Fine: Yes, there has been a report in one of the first cases done outside of the US when the ICL ended up on the first postoperative day with endophthalmitis.
Marinho: There are two more reported cases, one with the ICL and one with an angle-supported PIOL. The risk is the same for a -3 D or -20 D. I think using phakic IOLs for every situation is not appropriate at this point.
Q: How does endothelial cell loss compare in the three types of IOLs discussed this morning?
Fine: I don't know whether there are any data that are meaningful, because science continues to improve the newer model anterior chamber IOLs, but, I would think that the amount of cell loss would be less for posterior chamber, slightly more for iris-fixated, and most for anterior chamber.
Kraff: Georges has some interesting observations on endothelial cell loss.

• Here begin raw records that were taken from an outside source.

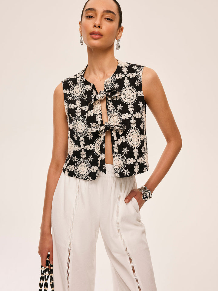 İşlemeli Pamuklu Önden Bağlamalı Yelek
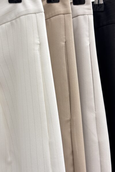 Pantalon tiro alto confeccionado en sastre con lurex con pinzas en la parte delantera. Hace conjunto con el Chaleco Joaquina.
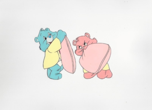 This is an original hand painted production cel with original production drawing. Featured here are Carebear Cheer Bear and Grumpy Bear. Comes with a gallery certificate of authenticity.
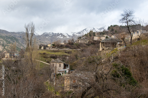 Old stone houses on the mountain at the traditional village of Kalarites in Tzoumerka, Greece
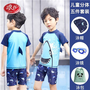 浪莎(LangSha)兒童泳衣男童分體寶寶中大童小孩嬰幼兒學(xué)生游泳褲泳裝套裝 藍(lán)鯊魚(yú)五件套 4XL

I think you have changed the design from your original lens [in 1987] to decrease endothelial cell loss?
Baikoff: I have had to remove 80% of the phakic IOLs that I implanted between '87 and '89. Since 1990, I have not removed any IOLs because of cell loss.
Q: Please discuss postoperative glare with LASIK versus the various phakic IOLs.

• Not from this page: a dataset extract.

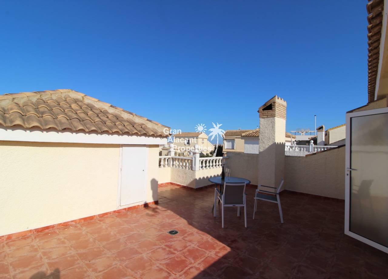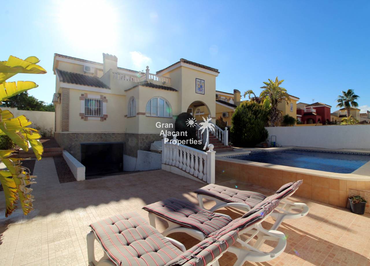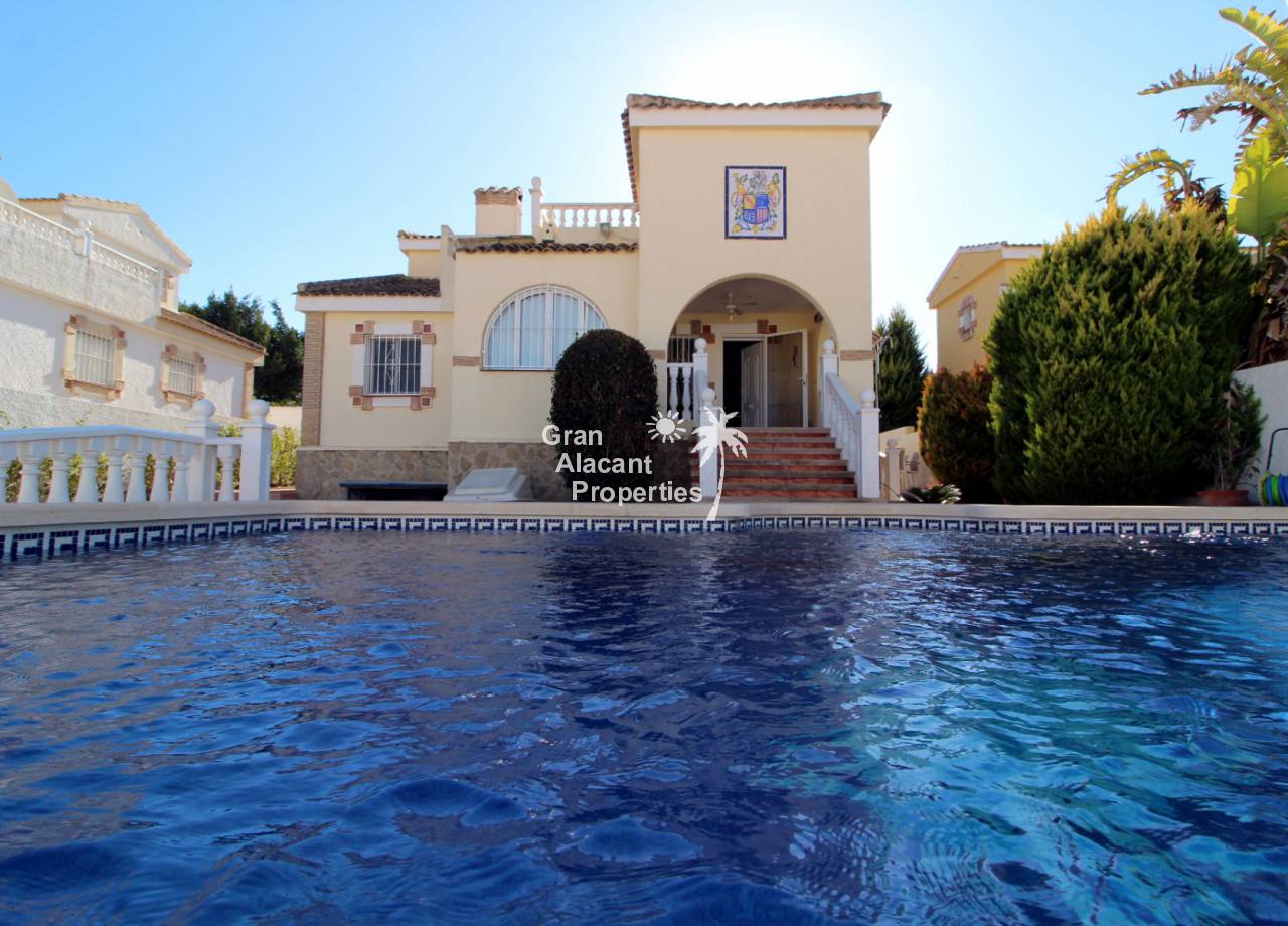 Ubicada en el codiciado barrio de Monte y Mar bajo de Gran Alacant en la soleada Costa Blanca de España, esta hermosa villa independiente de estilo "Torreón" viene con una piscina privada y un garaje.

Marinho: We are comparing aberrometry before and after implantation in different refractive procedures, but it is too early to discuss the results. We need to collect data, and we will probably have this within 2 to 3 months.
Kraff: Do you have a clinical impression of whether you're getting more glare in your postoperative corneal refractive surgery patients or in your phakic IOL patients?
Marinho: If we are comparing LASIK with -4 with a phakic IOL with -15, this is something that cannot be compared.
Kraff: So as the power of your refractive correction increases, the amount of glare is going to change?
Marinho: For LASIK, yes. Of course, all of the phakic IOLs have some amounts of glare.
Q: A question for our European colleagues: How long and how many Vivarte lenses have you implanted?
Piovella: Two months, 7 lenses.
Marinho: I implanted 11 lenses a year ago, had a 12-month follow-up for 6 lenses, then I waited 1 year to evaluate their performance. The result was good, so 2 months ago, I implanted five more of these lenses. I have six lenses with 1-year follow-up, and five with 2-month follow-up.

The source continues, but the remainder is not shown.